WHAT TO DO >>
Please show every line from the entries that carries the word "with".

Records from a data collection >>
<<<<

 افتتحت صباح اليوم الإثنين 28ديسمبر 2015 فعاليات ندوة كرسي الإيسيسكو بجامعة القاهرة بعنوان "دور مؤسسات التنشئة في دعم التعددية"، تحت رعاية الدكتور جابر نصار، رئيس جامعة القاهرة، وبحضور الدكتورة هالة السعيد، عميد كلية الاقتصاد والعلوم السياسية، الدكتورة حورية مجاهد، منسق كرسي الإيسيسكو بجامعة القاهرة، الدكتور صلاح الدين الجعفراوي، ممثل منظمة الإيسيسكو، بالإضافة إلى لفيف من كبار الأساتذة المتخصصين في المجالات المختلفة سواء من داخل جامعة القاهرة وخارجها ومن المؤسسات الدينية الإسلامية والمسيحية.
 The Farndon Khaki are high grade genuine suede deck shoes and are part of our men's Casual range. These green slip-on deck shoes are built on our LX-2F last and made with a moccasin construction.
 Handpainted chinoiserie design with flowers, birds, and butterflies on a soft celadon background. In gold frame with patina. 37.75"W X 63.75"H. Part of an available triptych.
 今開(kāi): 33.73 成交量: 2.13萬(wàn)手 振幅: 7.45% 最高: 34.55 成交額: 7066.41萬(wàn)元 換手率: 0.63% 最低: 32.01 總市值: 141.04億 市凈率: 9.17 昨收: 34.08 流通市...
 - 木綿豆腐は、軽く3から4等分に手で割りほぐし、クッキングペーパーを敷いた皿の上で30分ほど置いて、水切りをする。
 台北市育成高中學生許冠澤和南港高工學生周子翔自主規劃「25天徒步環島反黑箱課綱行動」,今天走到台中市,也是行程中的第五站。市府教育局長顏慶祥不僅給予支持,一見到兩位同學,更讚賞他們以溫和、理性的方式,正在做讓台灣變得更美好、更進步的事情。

>>>>

RESPONSE TO THIS TASK >>
 The Farndon Khaki are high grade genuine suede deck shoes and are part of our men's Casual range. These green slip-on deck shoes are built on our LX-2F last and made with a moccasin construction.
 Handpainted chinoiserie design with flowers, birds, and butterflies on a soft celadon background. In gold frame with patina. 37.75"W X 63.75"H. Part of an available triptych.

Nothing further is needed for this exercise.